Write down the listing again exactly as it appears below, without its pictures.

EXERCISE DATA:
↓↓↓

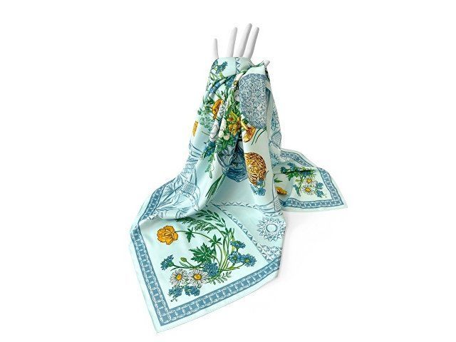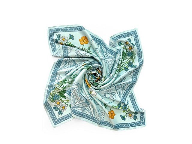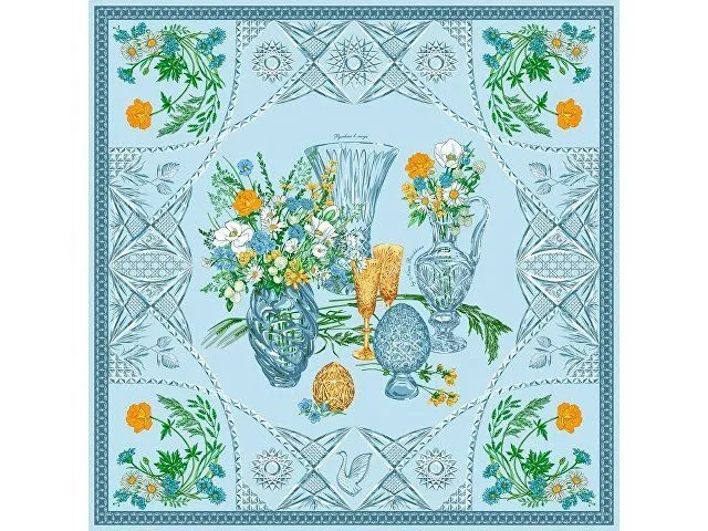 Дизайн платка связан со стилевой эстетикой советской школы натюрморта. Перед нами ажурная скатерть стола, декорированного композицией из хрусталя и полевыми цветами. Нежные переливы сине-голубых тонов подчеркнуты ярко-желтыми и белыми бутонами, стеблями сочных трав и золотистыми бокалами. Ажур скатерти вторит хрустальному узору фужеров, ваз и сувенирных пасхальных яиц, задавая душевное настроение.
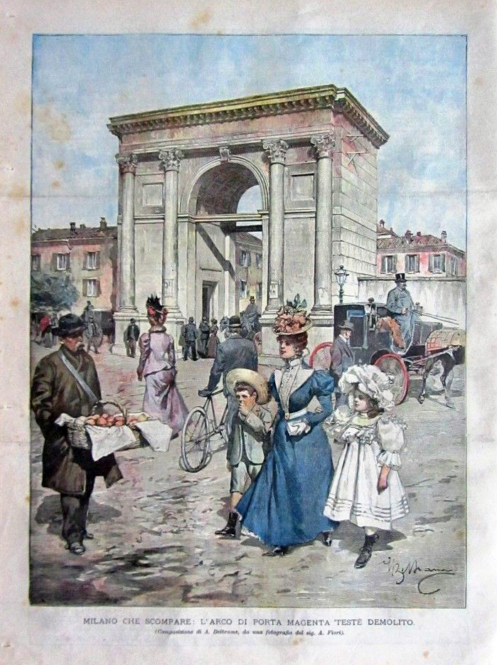 L’8 giugno 1859, Napoleone III e Vittorio Emanuele II attraversarono l’Arco di Porta Vercellina dopo la vittoria nella battaglia di Magenta, durante la Seconda Guerra d’Indipendenza. In loro onore, il 26 ottobre 1860 la porta venne ribattezzata “Porta Magenta” e il “Corso di Porta Vercellina” divenne “Corso Magenta”. Tuttavia, con l’abbattimento delle mura spagnole tra il 1885 e il 1897, anche l’Arco di Porta Vercellina fu demolito, lasciando oggi solo poche fotografie d’epoca come memoria.
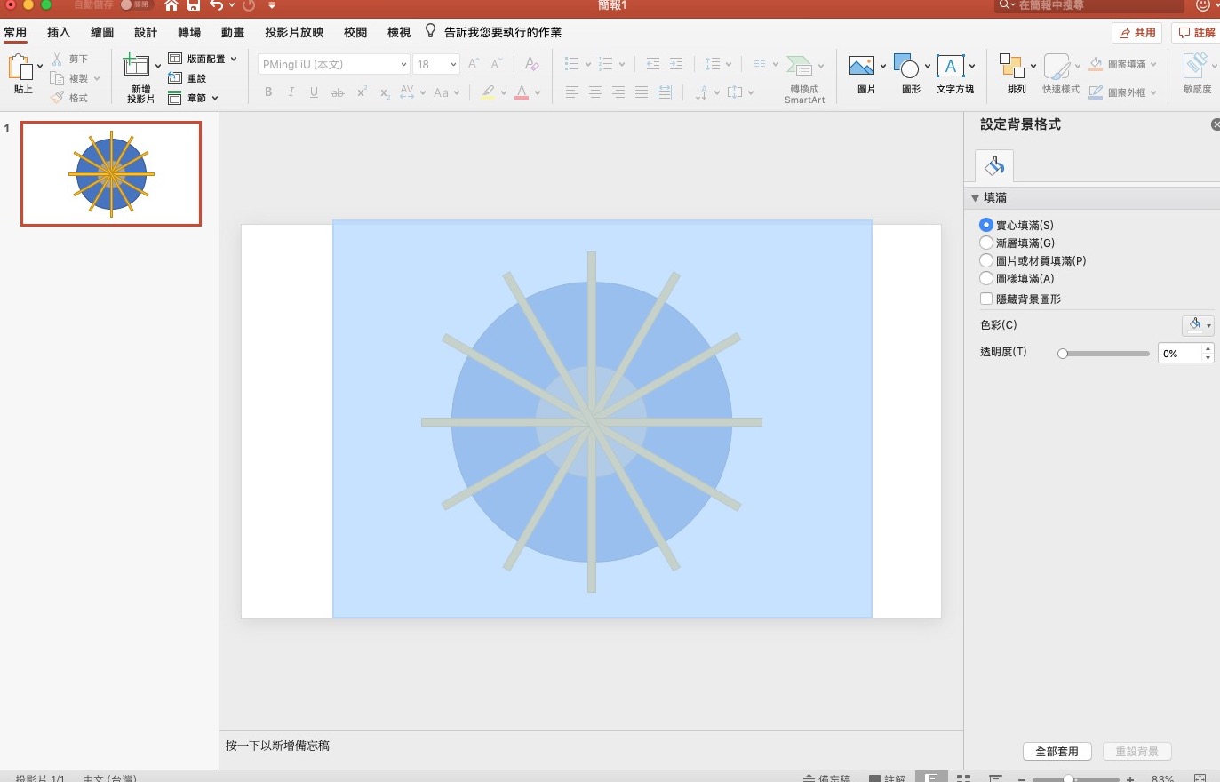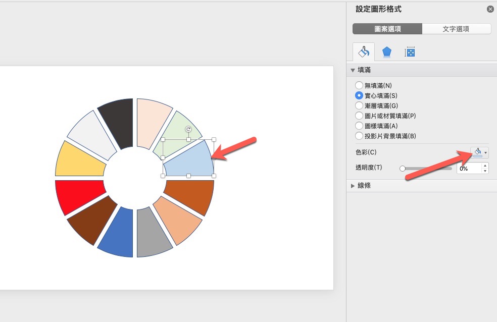 最後只要依需求再選擇每一個區塊變更色彩,就會變成不同顏色的分割扇形圓環,或者你想同一顏色也是可以啦。

↑↑↑

WRITTEN SOLUTION:
 Дизайн платка связан со стилевой эстетикой советской школы натюрморта. Перед нами ажурная скатерть стола, декорированного композицией из хрусталя и полевыми цветами. Нежные переливы сине-голубых тонов подчеркнуты ярко-желтыми и белыми бутонами, стеблями сочных трав и золотистыми бокалами. Ажур скатерти вторит хрустальному узору фужеров, ваз и сувенирных пасхальных яиц, задавая душевное настроение.
 L’8 giugno 1859, Napoleone III e Vittorio Emanuele II attraversarono l’Arco di Porta Vercellina dopo la vittoria nella battaglia di Magenta, durante la Seconda Guerra d’Indipendenza. In loro onore, il 26 ottobre 1860 la porta venne ribattezzata “Porta Magenta” e il “Corso di Porta Vercellina” divenne “Corso Magenta”. Tuttavia, con l’abbattimento delle mura spagnole tra il 1885 e il 1897, anche l’Arco di Porta Vercellina fu demolito, lasciando oggi solo poche fotografie d’epoca come memoria.
 最後只要依需求再選擇每一個區塊變更色彩,就會變成不同顏色的分割扇形圓環,或者你想同一顏色也是可以啦。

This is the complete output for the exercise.